Since there will be a range of prior experience amongst students it will be advisable, if not essential, to carry out an IT skills audit amongst students before the course of instruction commences and to stream students according to their professed ability. If an audit is not carried out and students are not streamed some students will feel intimidated by the expertise of others or, conversely, some will be bored with the basic level of teaching and either switch off mentally or ‘play’ with computer applications to the distraction of others in the class. Some institutions carry out a pre-course audit so that by the time of registration students can be informed of the IT stream they will be following. An example of a pre-course audit form is given in illustration 1 available to download at the bottom of the page.

The wording of the questions is purposely designed to require students to select which level of tuition they are to receive. Some students may overestimate their ability, and by timetabling classes for different levels of ability over a period of, say, 10 days, it should be possible for students to change streams without too much difficulty for all parties.

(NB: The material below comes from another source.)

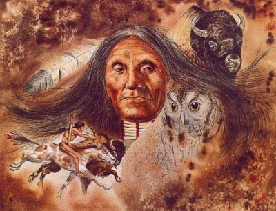 Final Project Proposal Recurring themes I came across in my research on metamorphosis are the themes of profound changes in character, including spiritual transformation, and the complete change of form through supernatural means such as shape shifting. The theme of spiritual transformation through the means of isolation, fasting and praying occurs repeatedly in different religions (Buddha, Moses, Jesus, Mohammed, Black Elk). The theme of shape shifting comes up repeatedly in classical mythology where the gods often assume the shapes of animals that shared their attributes or to seduce mortals, or change humans into plant or animal form, or to change their sexual gender. This theme also recurs in Native American mythology and spiritual practices. The concept I hope to communicate in this project is spiritual transformation through taking on the attributes of totem animals and spiritual guides through the metamorphosis of a vision quest. My attitude is one of playfulness and exploration. I’m intrigued by the concept of spiritual transformation and am approaching it from the perspective of a student and possible seeker. My intent is to be serious and playful, as well as educational and personal. The concepts that ties this all together are the concepts of spiritual transformation and shape shifting, or taking on the attributes of spiritual guides/animals through a vision quest. I’ll get my materials from the internet and from books on Native American spirituality, mythology and art as well as classical mythology and art. An artist whose work I admire in this area is Susan Seddon Boulet and I will try to locate books of her art work. Possible working titles include Vision Quest, Shaman or Awakening. The piece will probably be narrative. I’m not sure yet what the piece will look like. One possibility is taking an image of someone sleeping whose transformation occurs through her dreams. Another possibility is to show the spiritual seeker taking on the attributes of their totem animals through her vision quest. |

In our experience at Cardiff University those students who tick the beginners box need four, one hour sessions (including two, one hour lessons on wordprocessing) covering all the seven prerequisite skills and the administrative matters listed above. Intermediate students need three, one hour lessons covering the same ground as the basic course, except that the wordprocessing element can be reduced to a single hour. The expert student requires only one session (perhaps 50 minutes) to provide him/her with a personal ID and password for the network, cover administrative matters, using the institutional e-mail system, receiving a handout on wordprocessing and a tour of the range of applications relevant to their course of study.

Teaching IT skills

Although this is not the section of this book dealing with how instruction should be delivered it is worth emphasising that instruction in IT will not succeed if it is only provided by means of tutor demonstrations, especially if the demonstrations are given as part of a large group session (lecture). Students must be sat one to a PC (not sharing) and have ample opportunity in the lesson and outside it to practise what has been taught. An effective and widely employed means of delivery is for students to use a workbook (or self paced learning technique, the term used by some who wish to inflate this method of learning into something mysterious (!)), containing detailed ‘stroke by stroke’ instructions, exercises and answers. The workbook technique will be discussed more fully in chapter 4.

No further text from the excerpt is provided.